__Task to carry out__
Starting at the line that contains "Clear tempered glass" and stopping at the line that contains "26 พฤศจิกายน 68", transcribe every line of the material below exactly; pictures stay out.

Material for the task START

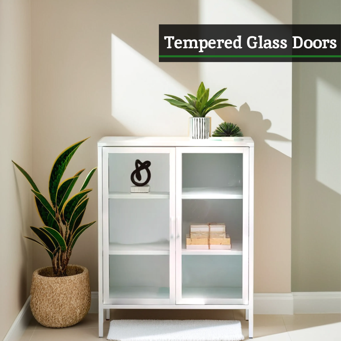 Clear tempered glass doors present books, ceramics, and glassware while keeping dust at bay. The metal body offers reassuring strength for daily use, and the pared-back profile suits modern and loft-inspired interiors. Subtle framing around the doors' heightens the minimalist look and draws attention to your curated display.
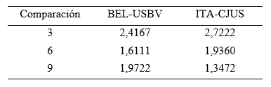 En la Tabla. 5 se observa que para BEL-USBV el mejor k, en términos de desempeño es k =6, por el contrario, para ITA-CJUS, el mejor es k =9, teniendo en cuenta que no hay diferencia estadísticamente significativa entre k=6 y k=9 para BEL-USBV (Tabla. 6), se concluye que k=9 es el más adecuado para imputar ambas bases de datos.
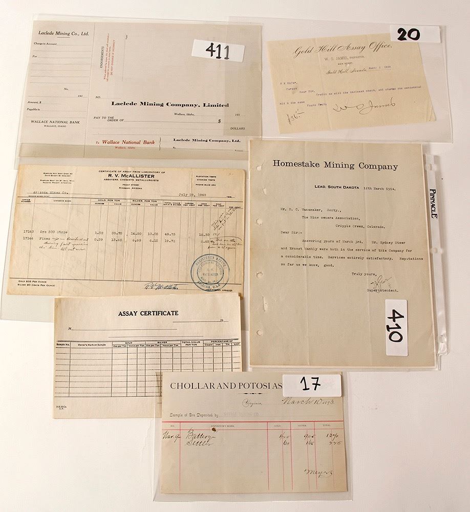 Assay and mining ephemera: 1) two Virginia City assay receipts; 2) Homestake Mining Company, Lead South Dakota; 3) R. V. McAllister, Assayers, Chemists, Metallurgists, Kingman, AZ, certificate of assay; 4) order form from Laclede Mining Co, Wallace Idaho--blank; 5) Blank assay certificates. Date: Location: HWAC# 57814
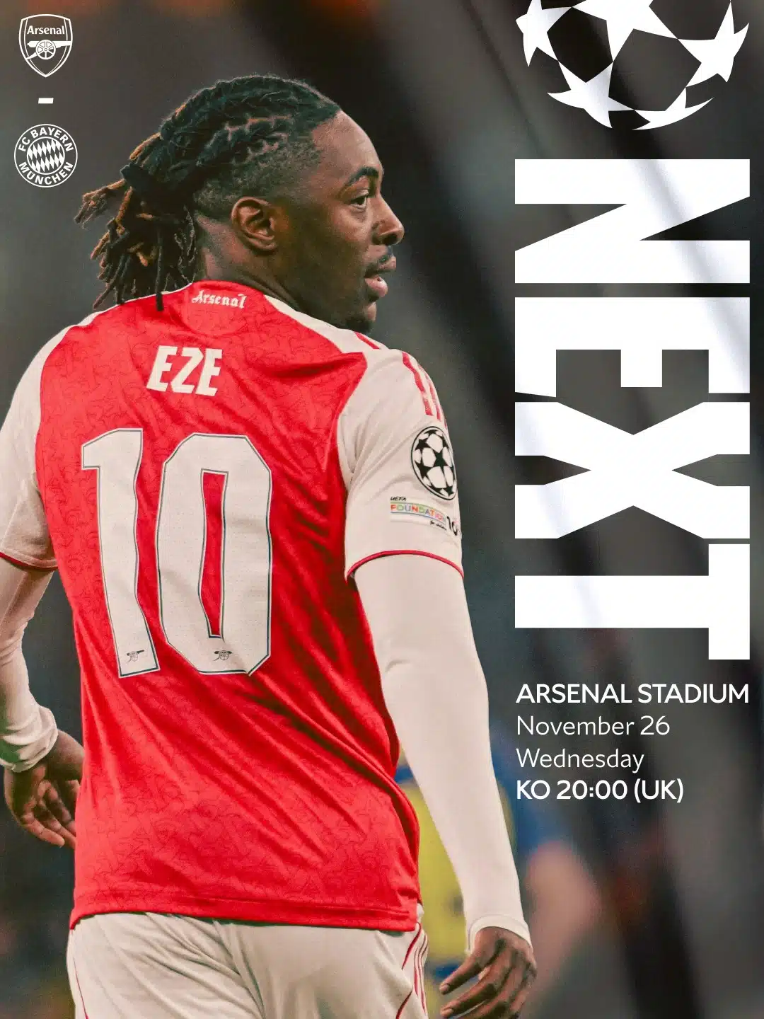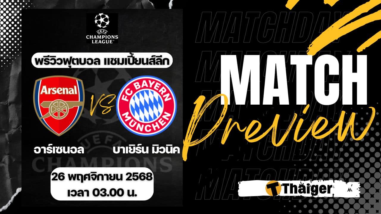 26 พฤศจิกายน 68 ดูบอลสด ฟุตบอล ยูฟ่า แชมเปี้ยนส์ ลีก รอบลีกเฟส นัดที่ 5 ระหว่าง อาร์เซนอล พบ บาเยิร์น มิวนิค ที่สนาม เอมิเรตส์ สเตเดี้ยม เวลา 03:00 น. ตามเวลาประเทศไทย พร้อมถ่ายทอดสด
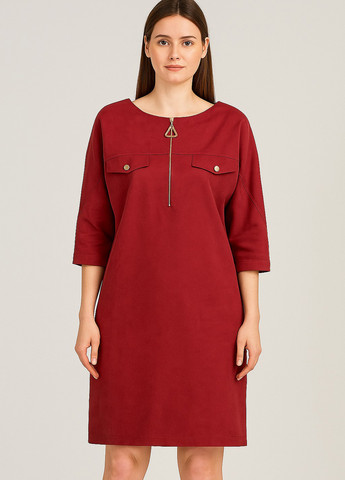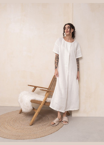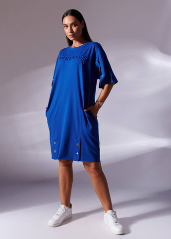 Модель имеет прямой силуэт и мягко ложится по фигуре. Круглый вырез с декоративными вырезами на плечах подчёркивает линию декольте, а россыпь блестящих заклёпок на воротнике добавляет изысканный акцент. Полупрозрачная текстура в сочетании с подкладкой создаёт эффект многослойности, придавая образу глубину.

Material for the task END
Material for the task START

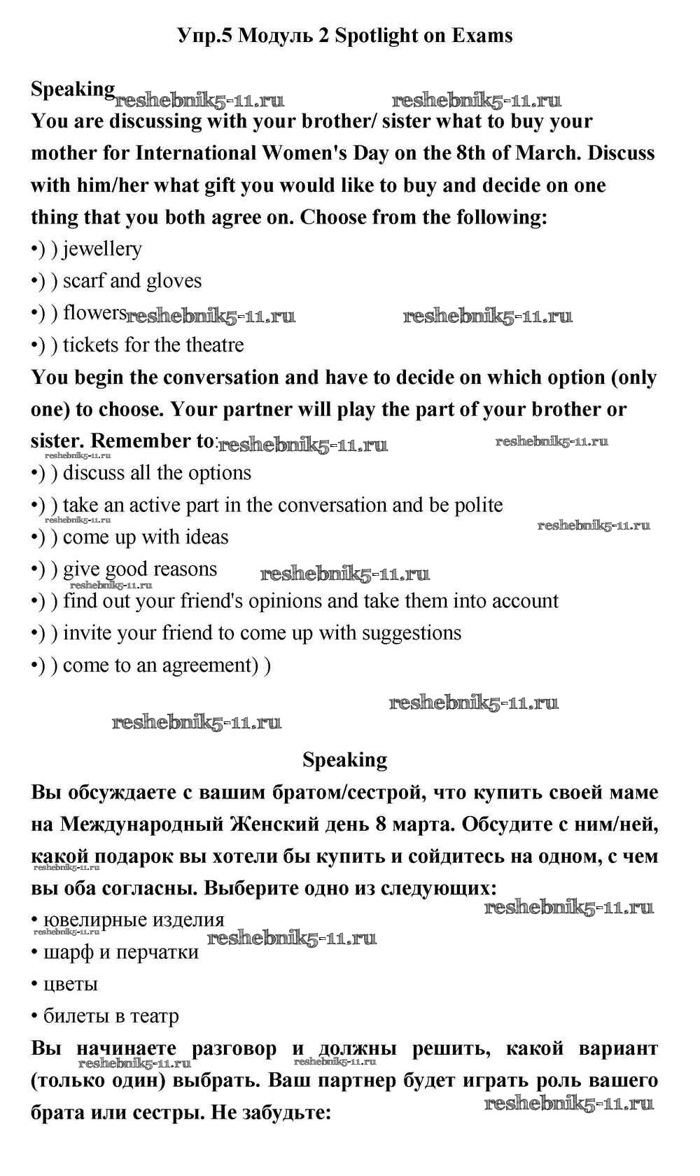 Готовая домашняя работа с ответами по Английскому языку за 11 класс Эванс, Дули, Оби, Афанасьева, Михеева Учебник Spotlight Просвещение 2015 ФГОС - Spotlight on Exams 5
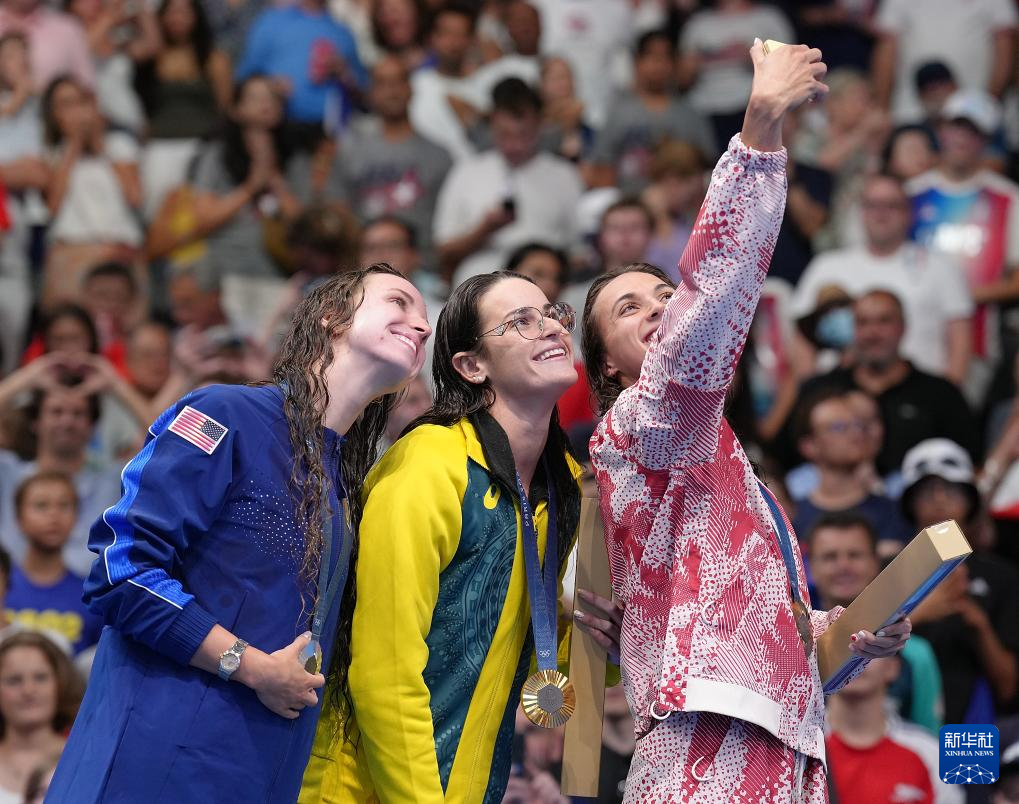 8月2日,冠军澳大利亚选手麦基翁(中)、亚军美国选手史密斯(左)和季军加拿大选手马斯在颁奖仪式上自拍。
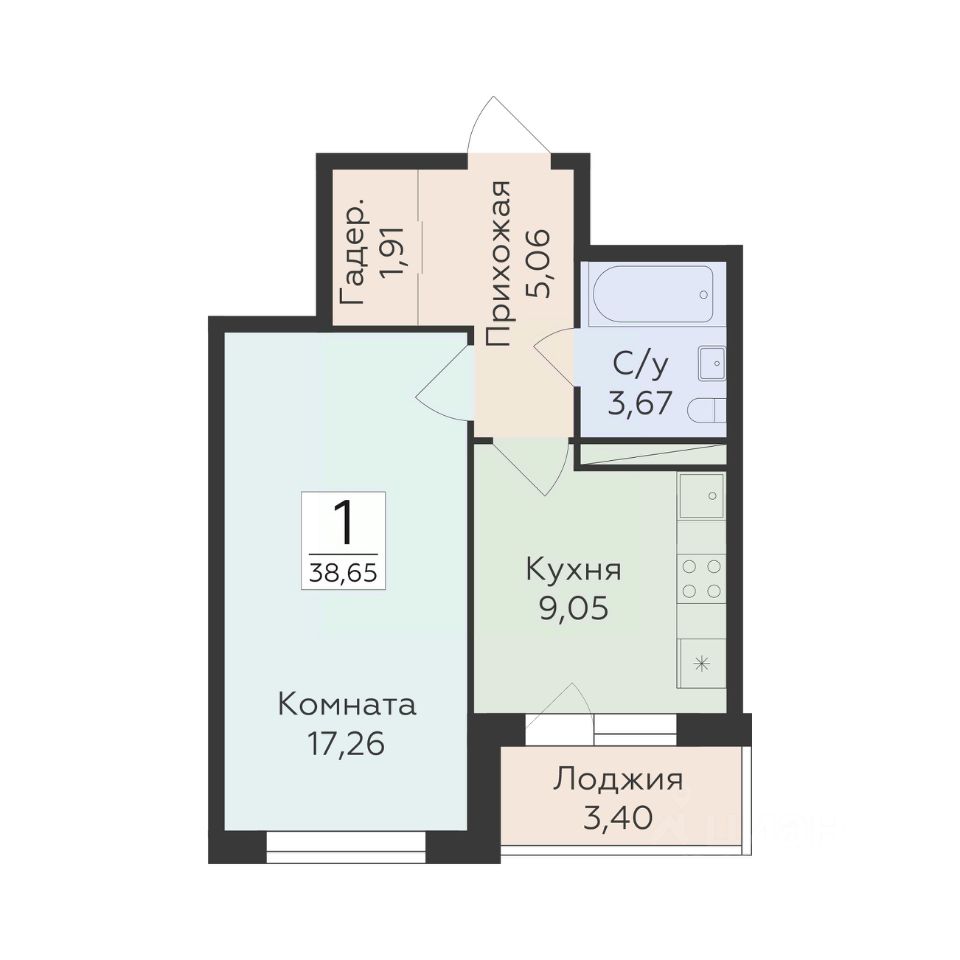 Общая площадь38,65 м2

Material for the task END
Material for the task START

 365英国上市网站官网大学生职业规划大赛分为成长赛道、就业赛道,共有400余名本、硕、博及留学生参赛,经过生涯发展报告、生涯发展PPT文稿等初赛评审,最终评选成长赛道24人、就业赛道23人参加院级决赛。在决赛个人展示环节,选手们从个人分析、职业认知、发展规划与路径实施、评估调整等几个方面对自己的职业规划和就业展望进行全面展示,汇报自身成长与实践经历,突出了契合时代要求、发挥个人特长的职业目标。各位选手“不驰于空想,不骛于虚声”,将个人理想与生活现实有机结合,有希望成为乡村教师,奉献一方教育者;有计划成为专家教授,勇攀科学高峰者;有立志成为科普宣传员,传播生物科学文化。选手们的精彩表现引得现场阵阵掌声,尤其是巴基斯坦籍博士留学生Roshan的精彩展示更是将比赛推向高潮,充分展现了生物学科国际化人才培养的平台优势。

Material for the task END

__Result for this task__
 Clear tempered glass doors present books, ceramics, and glassware while keeping dust at bay. The metal body offers reassuring strength for daily use, and the pared-back profile suits modern and loft-inspired interiors. Subtle framing around the doors' heightens the minimalist look and draws attention to your curated display.
 En la Tabla. 5 se observa que para BEL-USBV el mejor k, en términos de desempeño es k =6, por el contrario, para ITA-CJUS, el mejor es k =9, teniendo en cuenta que no hay diferencia estadísticamente significativa entre k=6 y k=9 para BEL-USBV (Tabla. 6), se concluye que k=9 es el más adecuado para imputar ambas bases de datos.
 Assay and mining ephemera: 1) two Virginia City assay receipts; 2) Homestake Mining Company, Lead South Dakota; 3) R. V. McAllister, Assayers, Chemists, Metallurgists, Kingman, AZ, certificate of assay; 4) order form from Laclede Mining Co, Wallace Idaho--blank; 5) Blank assay certificates. Date: Location: HWAC# 57814
 26 พฤศจิกายน 68 ดูบอลสด ฟุตบอล ยูฟ่า แชมเปี้ยนส์ ลีก รอบลีกเฟส นัดที่ 5 ระหว่าง อาร์เซนอล พบ บาเยิร์น มิวนิค ที่สนาม เอมิเรตส์ สเตเดี้ยม เวลา 03:00 น. ตามเวลาประเทศไทย พร้อมถ่ายทอดสด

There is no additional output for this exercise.